Web grimaced. "The famous horse? That's almost certainly a legend invented by her enemies. Not that Catherine was exactly what you'd call fastidious in her personal habits. But that wasn't really what I meant. I'm not worried about you, actually. I'm concerned about how your new people decide to look upon you. Especially in light of the poll taken yesterday."
The proposal to make the new star nation of Torch a constitutional monarchy, with Berry as the founding queen, hadn't been voted on by the populace yet. Nor would it be, for several more weeks, to allow everyone scattered across the planet time to ponder the matter. But Web had taken an initial poll the day before, using standard techniques which usually gave good results. He'd been a bit shocked when he saw the results. Eighty-seven percent in favor, with a margin of error of plus-or-minus four percent.

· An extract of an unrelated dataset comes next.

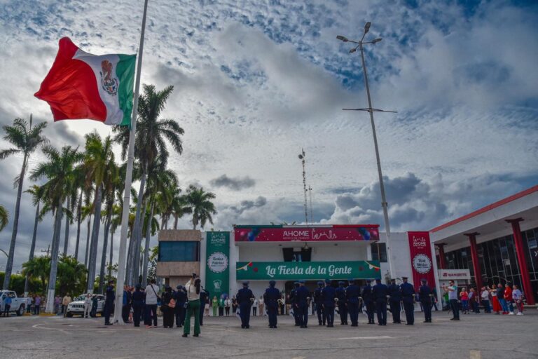 Los Mochis, Sin.- Autoridades civiles, militares, educativas, estudiantes y ciudadanos se dieron cita este viernes a la explanada de Palacio Municipal y al Parque 13

He hadn't expected better than seventy percent, he'd told Berry. He wasn't sure yet, but he thought two factors had made the difference. First, the enthusiastic recommendation of the thousands of ex-slaves from the Felicia, who were quickly spreading across the planet as the new government's informal organizing cadre. Second—perhaps even more importantly, and certainly something he hoped was true—because now that the slaves had sated their initial bloodlust, they were a little shaken themselves at the experience. Berry's holo image had been broadcast widely across the planet's com web. Her real one, since the weeks aboard Felicia had also been used by Erewhonese biotechs to reverse the nanotech disguise. And if there was any human image Web could imagine that might help people claw their way out of a pit of rage and hatred, it was that calm, intelligent-looking, pretty young girl's face. It was simply impossible to look at Berry and think her a threat or a menace, to anyone.